Investor confidence has been repaid as billions flow back into Fletcher Building's market capitalisation, buoyed by housing and construction in New Zealand, Australia and the United States.
Fletcher shares, which were hammered down to about $5 during the global financial crisis and haemorrhaged billions in market capitalisation, are now closing in on a five-year share price high as good news gathers momentum and underpins the surge in value.
Since late July's year-low of $5.77, Fletcher shares had steadily gained to pass through $9 last week and were yesterday trading around $9.20 - an almost 60% gain on July. Fletcher shares continued to rise during the day, finishing up 1.6% at $9.30.
Fletcher's shares had been plagued by the slow uptake of work in the Canterbury rebuilding effort, where it is the lead contractor, and also volatile and flagging construction data from Australia and the United States. Its shares had declined from $9.28 in April 2011. Yesterday's $9.20 price put its market capitalisation at more than $6.3 billion, Craigs Investment Partners broker Peter McIntyre said.
''Investor confidence has been repaid.

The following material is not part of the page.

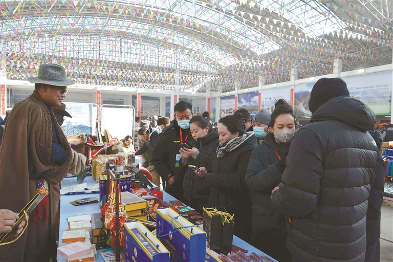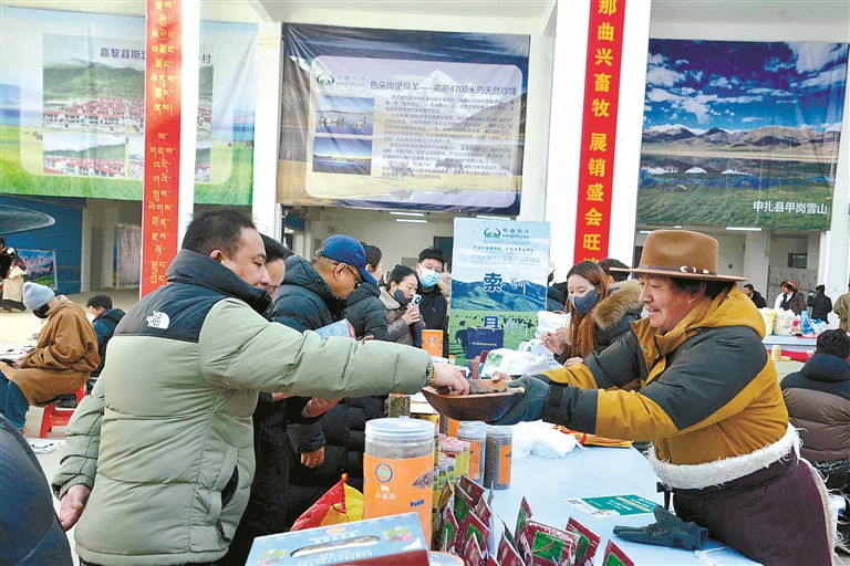 這次展銷會(huì)不僅線下熱鬧,線上也同樣火爆。為了讓各類產(chǎn)品走得更遠(yuǎn),展銷會(huì)特意搭建起“線上直播帶貨+線下現(xiàn)場選購”的雙線銷售通道,一邊是線下市民現(xiàn)場挑、現(xiàn)場買,新鮮看得見、品質(zhì)摸得著;一邊是主播對(duì)著鏡頭,向全國網(wǎng)友推介那曲好物,讓遠(yuǎn)在千里之外的消費(fèi)者也能品嘗到那曲味道。同時(shí),展銷會(huì)還邀請(qǐng)電商平臺(tái)、采購商代表和參展商精準(zhǔn)對(duì)接,幫本土農(nóng)畜產(chǎn)品打通銷路,再也不愁“酒香巷子深”;積極引導(dǎo)機(jī)關(guān)、企事業(yè)單位及社會(huì)各界參與消費(fèi)幫扶,以“以購代扶”“以買促銷”的方式助力本土產(chǎn)業(yè)發(fā)展,在全市形成“人人支持本土產(chǎn)業(yè)、人人參與鄉(xiāng)村振興”的濃厚氛圍。

It's a cyclical business, which its investors understand,'' Mr McIntyre said.
Evidence of that understanding was in March-April 2009, when its shares traded from $5.06 to $6.20 and it raised $605 million - an institutional placement of $505 million and $100 million from a shareholder placement.

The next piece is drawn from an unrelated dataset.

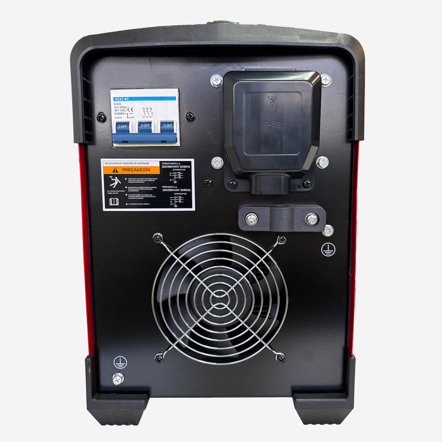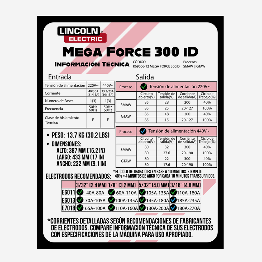 • Ciclo de trabajo 100% al soldar 5/32″ con entrada 440V~

''Fletcher's has a very supportive shareholder base, which was invaluable [for Fletcher's] at the time of the funding crisis,'' Mr McIntyre said.
Its forward order book remained ''in good order'', with well over $1 billion of work, he said.
The company told shareholders at its annual meeting in November its earnings growth for 2013 could be beyond 20%, from new home construction, but they were cautioned that any downturn in Australian work could prompt a downgrade of those expectations.
Mr McIntyre countered that, saying the Reserve Bank of Australia had slashed its interest-driving cash rate to 3% and the likelihood of another cut shortly could further buoy construction in Australia.
Operating earnings guidance, for the year to this June, was estimated at between $560 million and $610 million, an increase of between 12% and 22%, compared to the 2012 result.